• [Problem requirements]: The response should repeat word for word every line below from the one with "В своих письмах" to the one with "読書週間に合わせて、図書委員", inclusive, and nothing else; leave pictures out.

• [Source material]:
□ □ □ □ □ □ □

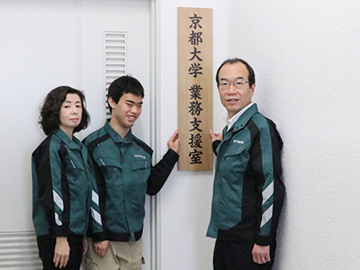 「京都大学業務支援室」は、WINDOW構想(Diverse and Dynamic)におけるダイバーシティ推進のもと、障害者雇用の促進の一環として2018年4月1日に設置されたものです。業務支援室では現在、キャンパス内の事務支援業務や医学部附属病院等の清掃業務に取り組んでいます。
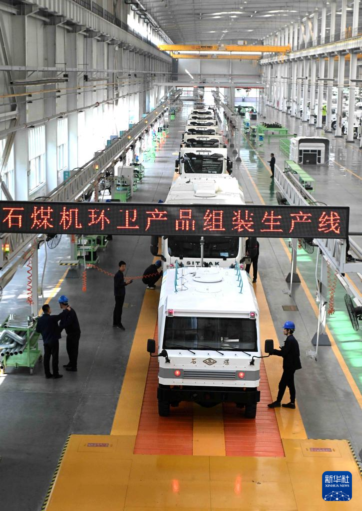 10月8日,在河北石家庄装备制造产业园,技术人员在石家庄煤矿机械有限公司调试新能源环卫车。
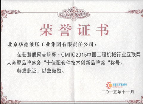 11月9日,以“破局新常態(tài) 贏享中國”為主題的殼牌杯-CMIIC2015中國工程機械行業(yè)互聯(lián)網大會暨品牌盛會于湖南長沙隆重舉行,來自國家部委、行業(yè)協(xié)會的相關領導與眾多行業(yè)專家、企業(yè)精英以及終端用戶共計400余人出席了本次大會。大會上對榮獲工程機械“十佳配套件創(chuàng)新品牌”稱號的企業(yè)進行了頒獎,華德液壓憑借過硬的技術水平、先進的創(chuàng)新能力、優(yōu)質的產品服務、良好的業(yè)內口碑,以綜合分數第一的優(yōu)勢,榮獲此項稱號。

□ □ □ □ □ □ □

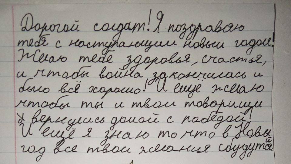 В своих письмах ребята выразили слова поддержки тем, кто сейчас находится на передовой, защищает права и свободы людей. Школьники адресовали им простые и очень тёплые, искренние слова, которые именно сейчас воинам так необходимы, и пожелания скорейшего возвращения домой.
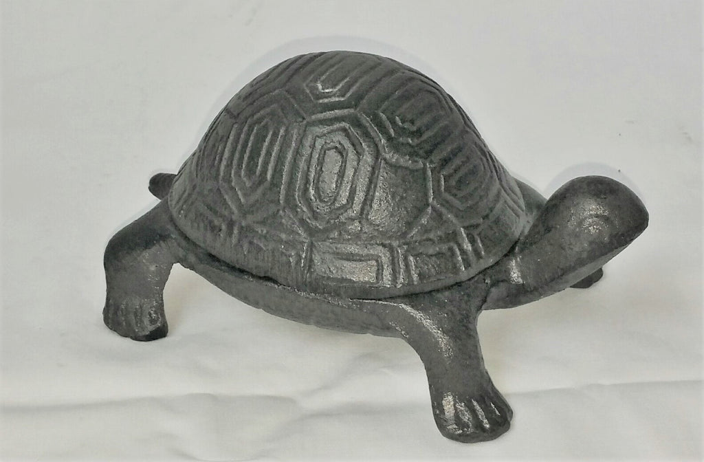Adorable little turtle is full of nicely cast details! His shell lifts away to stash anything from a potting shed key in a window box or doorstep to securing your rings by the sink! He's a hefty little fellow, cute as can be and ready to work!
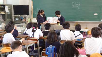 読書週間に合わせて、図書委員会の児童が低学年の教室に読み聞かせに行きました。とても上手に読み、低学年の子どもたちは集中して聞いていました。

□ □ □ □ □ □ □

• [Exercise answer]:
 В своих письмах ребята выразили слова поддержки тем, кто сейчас находится на передовой, защищает права и свободы людей. Школьники адресовали им простые и очень тёплые, искренние слова, которые именно сейчас воинам так необходимы, и пожелания скорейшего возвращения домой.
Adorable little turtle is full of nicely cast details! His shell lifts away to stash anything from a potting shed key in a window box or doorstep to securing your rings by the sink! He's a hefty little fellow, cute as can be and ready to work!
 読書週間に合わせて、図書委員会の児童が低学年の教室に読み聞かせに行きました。とても上手に読み、低学年の子どもたちは集中して聞いていました。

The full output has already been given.